In searching for RAID alternatives, today's data storage pros will find that familiar technologies such as erasure...
coding are back in vogue.
Before RAID, drive-level data protection was already provided in some storage arrays. It used a set of technologies collectively referred to as erasure coding. Without delving too deeply into the math, the main idea of erasure coding is to enable the reconstruction of data that becomes corrupted at some point in the disk storage process by using information about the data stored elsewhere in the array. Redundancy was provided via erasure codes in a way that did not require a complete replica of the data itself: a strategy that provided both data protection and cost-savings over simple mirroring schemes.
Erasure coding storage systems deliver resiliency with less bandwidth and storage than is the case with conventional RAID arrays.

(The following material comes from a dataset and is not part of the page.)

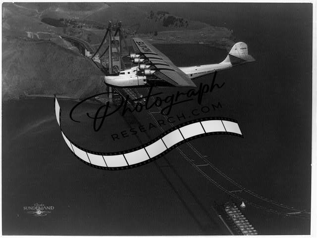 Philippine Martin Clipper ship,flight over Golden Gate Bridge,north,CA,c1936

One current technology, BitSpread from Amplidata, provides a fairly straightforward example of how erasure coding could be implemented in enterprise storage (and is already implemented in Amplidata systems and the object cloud services that use them). With BitSpread, a piece of data that is to be recorded to a storage device is converted into an object, which is then subjected to an algorithmic process to create object "fragments." Any two fragments, when multiplied by each other, recreate the original object.

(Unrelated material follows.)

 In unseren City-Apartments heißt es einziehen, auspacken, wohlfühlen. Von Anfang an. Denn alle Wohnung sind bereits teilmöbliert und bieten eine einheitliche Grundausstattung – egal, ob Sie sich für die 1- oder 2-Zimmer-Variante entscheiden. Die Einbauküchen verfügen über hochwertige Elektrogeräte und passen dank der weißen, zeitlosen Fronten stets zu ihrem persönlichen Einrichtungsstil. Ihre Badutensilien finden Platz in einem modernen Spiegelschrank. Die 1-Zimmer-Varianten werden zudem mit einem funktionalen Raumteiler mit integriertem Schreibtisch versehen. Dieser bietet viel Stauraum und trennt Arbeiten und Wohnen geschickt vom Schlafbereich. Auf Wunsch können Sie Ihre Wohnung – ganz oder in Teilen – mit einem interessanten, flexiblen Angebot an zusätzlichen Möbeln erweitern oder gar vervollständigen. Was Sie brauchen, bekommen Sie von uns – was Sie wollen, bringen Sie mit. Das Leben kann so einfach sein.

Via this process, Amplidata claims it saves approximately 50% of the capacity that would otherwise be required to fully mirror a file or object to another location on the disk array. The vendor further claims it could use these object fragments, which are spread across 16 drives, to rebuild all data in the drive set -- even if four drives in the set fail.
Advocates claim that object storage technologies leveraging such erasure coding techniques from Amplidata, Cleversafe and a few others, will eventually replace RAID and usher in a new generation of low-cost, high-capacity object storage. However, many people often overlook that parity schemes inherent in some RAID schemes (such as RAID 5 and 6) can also be included in a generic usage of the term erasure coding.

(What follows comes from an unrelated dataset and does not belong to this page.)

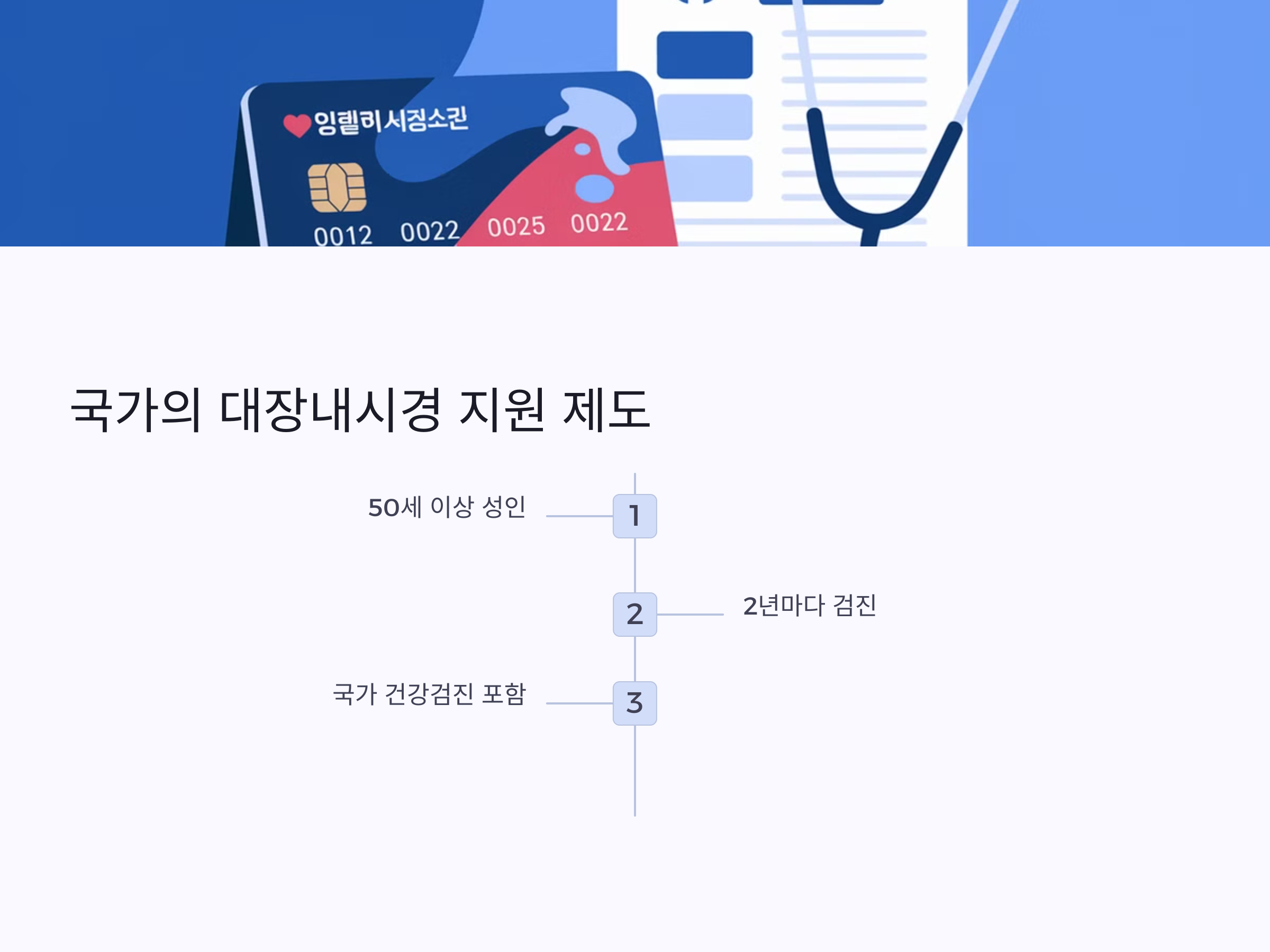 - 연령 요건: 만 50세 이상인 국민이 대상입니다. 이 나이가 되면 2년에 한 번씩 건강검진으로 대장내시경을 받을 수 있습니다.

The key feature of erasure coding is that erasure coding storage systems deliver resiliency with less bandwidth and storage than is the case with conventional RAID arrays. (Erasure coding storage is called distributed and self-healing, rather than centrally managed and protected, but it provides similar protection when compared to RAID systems.)
Few storage planners will implement erasure coding themselves, but they may implement early products from vendors embracing the technology, such as DataDirect Networks, EMC and a few others. Of course, many cloud storage providers are beginning to leverage RAID alternatives to facilitate the development of massive storage capacity with good resiliency at a lower cost than traditional RAID.
The gating factor on adoption of the technology continues to be its large education requirement. Customers aren't as conversant in the rarified domain of object storage, which partially accounts for why Dell dropped out of the chase to deliver object storage solutions in 2013 and why NetApp and IBM have done little to pursue the technology on their products. Still, erasure coding remains a hot button in the analyst realm and a centerpiece of emerging storage products from lesser-known storage vendors.